I don’t know who else this might work for, but I highly recommend sleeping with a break in the middle for maximum rest. I go to sleep for about 4-5 hours, stay awake for 1-3 hours, then go back to sleep for another 3-4 hours. I always feel the most rested when I sleep with a break in the middle.

I always wake up in the middle of sleep, wide-awake, for no apparent reason. And I never feel fully rested when I do sleep without a break. I’ve tried sleep aid prescriptions but they make me lethargic the next day or they don’t work at all. Sleeping with a conscious break has been the one remedy that does work.

School is not necessary for everyone.

I use to believe that I was stupid and worthless for not being able to pass advanced math classes, but not anymore! This past year, I found out I have dyscalculia. This is similar to dyslexia with letters, except the challenges with dyscalculia consist of manipulating numbers and symbols and performing arithmetic in a timely and arbitrated manner. The irony in this is that I find advanced math fascinating, just not in a classroom setting.

A huge significance in this realization is that I have been working on a degree in electronic engineering for the past decade to help me get hired somewhere as an electronic repair technician. There’s a LOT of math in this degree and the thing is, I’m already self-taught in basic electronic repair. If I can do that, I can teach myself advanced electronic repair. I don’t need to prove that my skills are valuable to anyone but myself.

Digital communication is isolating

Digital socializing with loved ones is useful and an effective deterrent against spreading COVID. With that said, we need to collectively understand that for many of us, relying solely on digital representations of our loved ones is not a viable alternative to physical human contact.

Before anyone comments with a rebuttal or reports me, I’m not stating that people should ignore precautionary measures for COVID. I’m stating that social isolation is not the end-all solution for it and that being subjected to digital communication can be a contributor to isolation itself.

Personally, I was diagnosed with CPTSD back in January and before that, I was unable to be around people. Now that I am in the healing stage, I require physical contact with loved ones nearly everyday or my mental health will decline again. I refuse to let that happen. Digital communication does not satisfy my needs because it requires a massive amount of mental energy to imagine who people are beyond pixels and digital sound.
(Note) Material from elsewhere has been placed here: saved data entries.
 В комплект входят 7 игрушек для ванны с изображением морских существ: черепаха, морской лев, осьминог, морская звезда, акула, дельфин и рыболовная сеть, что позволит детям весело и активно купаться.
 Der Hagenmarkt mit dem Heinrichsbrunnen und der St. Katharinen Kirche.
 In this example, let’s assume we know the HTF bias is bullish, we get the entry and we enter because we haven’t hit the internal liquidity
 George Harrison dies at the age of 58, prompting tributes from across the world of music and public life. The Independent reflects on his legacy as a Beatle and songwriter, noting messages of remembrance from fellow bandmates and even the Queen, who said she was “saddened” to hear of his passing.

I understand the COVID pandemic is a deadly one, but we cannot ignore the existing isolation pandemic that has massively caused suicidal deaths. Mental health is a part of physical health and cannot be separated just because it’s convenient.
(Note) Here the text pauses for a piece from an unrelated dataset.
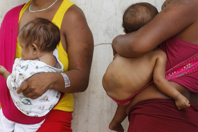 Crianças yanomami com as mães nos arredores da Casai em Boa Vista.
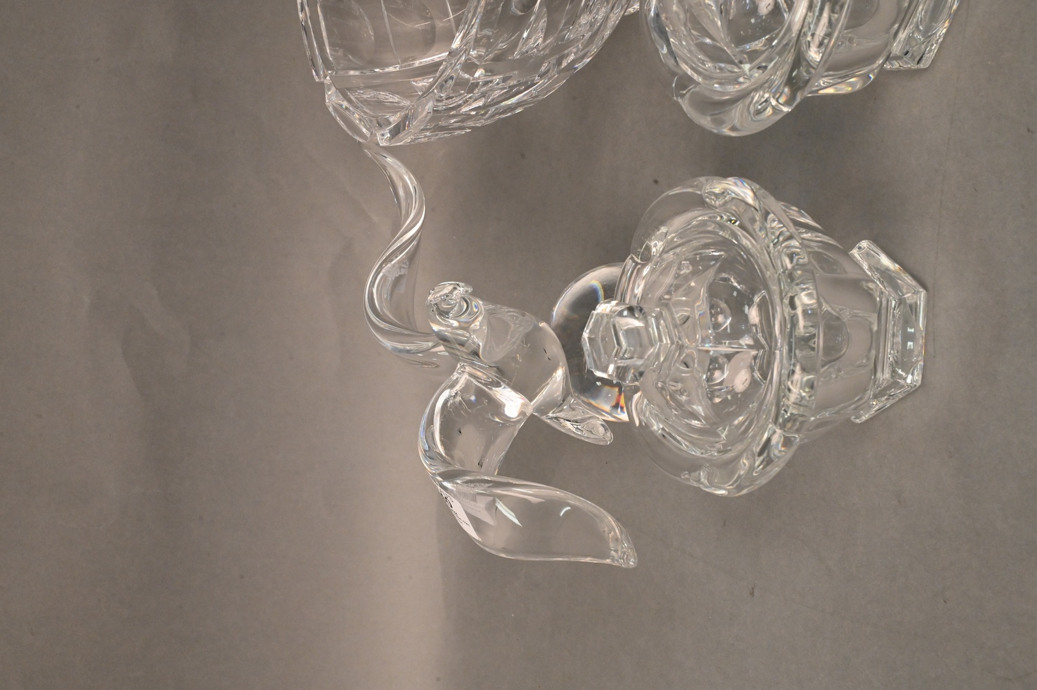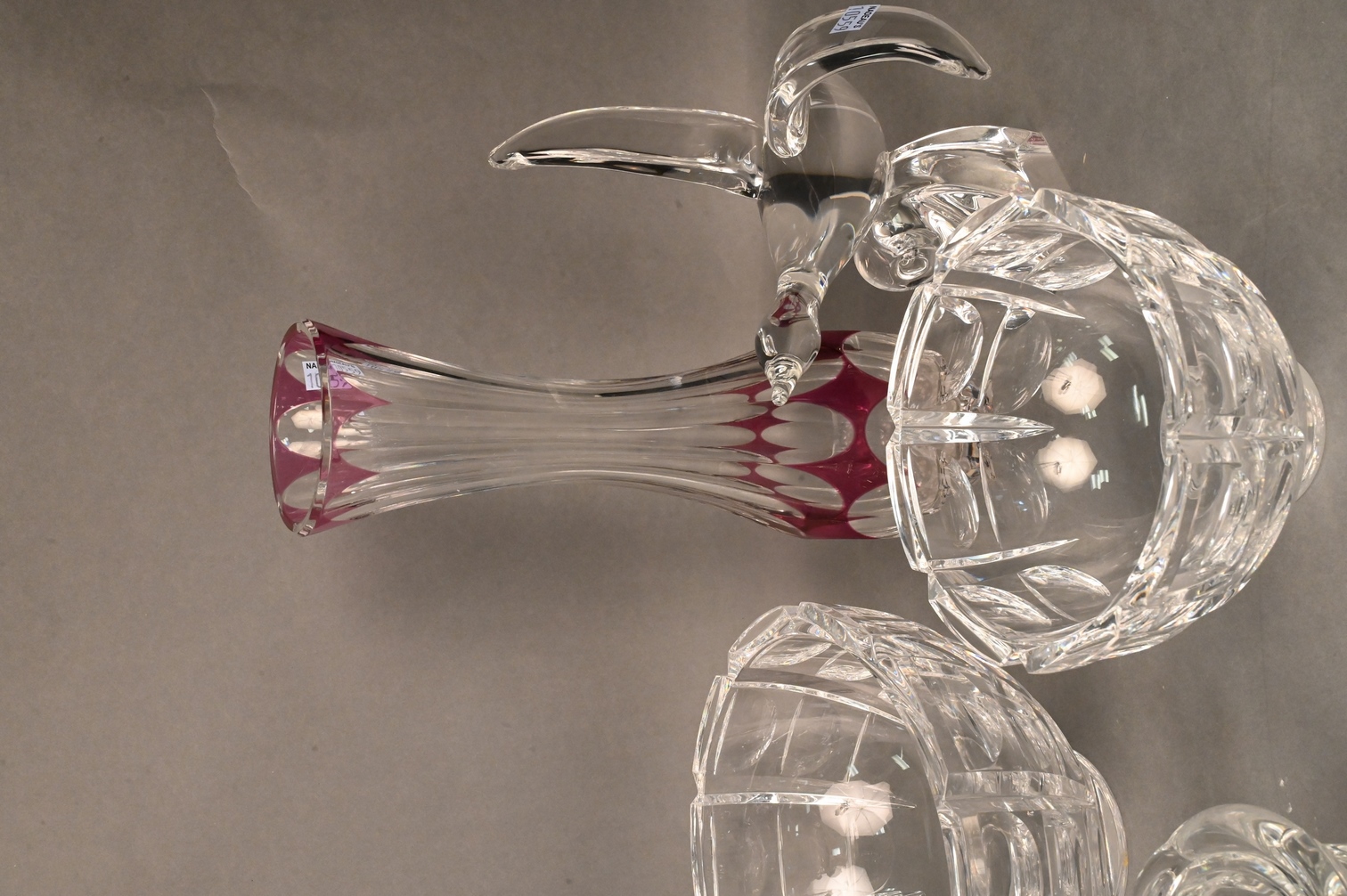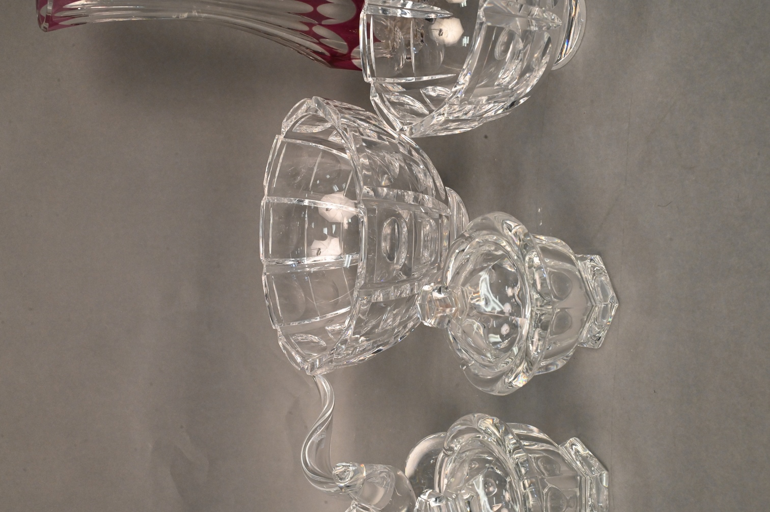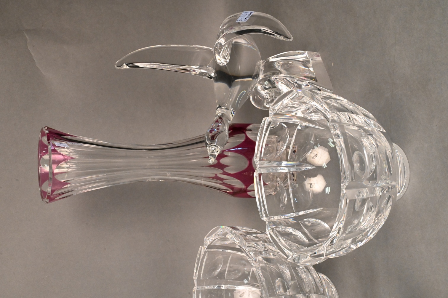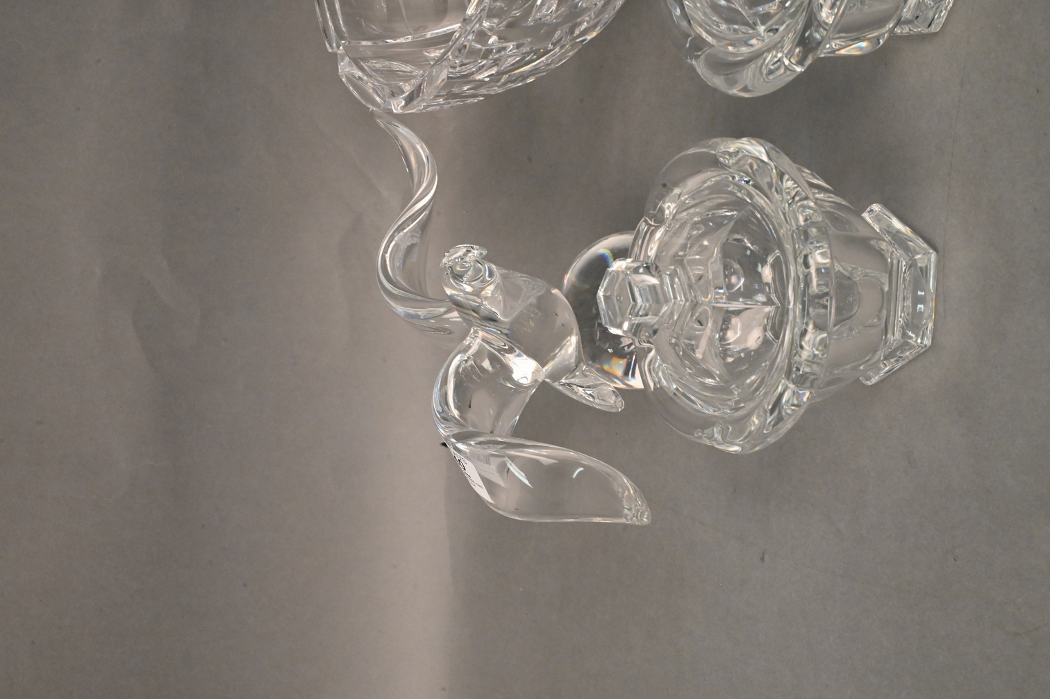 to include St. Louis cut crystal case having ruby accents, two Steuben birds, one duck (repaired), one bird on orb, pair of Baccarat sweetmeats / covered candy dishes, two Orrefors “Thousand Window” footed bowls

All genders experience emotion.

When a man says that a woman is too emotional as an insult, it seems like that man is projecting that he is unable to process his own emotions. If he did process his own emotions, then he would understand that emotional expression is a normal part of processing emotions.

Giving the stoic impression of emotional strength is not the same as actually having it. Furthermore, this social norm of suppressing emotions seems to have resulted in men calling other men “women” as an insult whenever a man expresses emotion.

We need to stop subjecting ourselves to emotional apathy disguised as strength, because we’re only hurting ourselves. If we were to divide our strength into two equal parts, half of our strength comes from facing the world, and the other half comes from facing ourselves.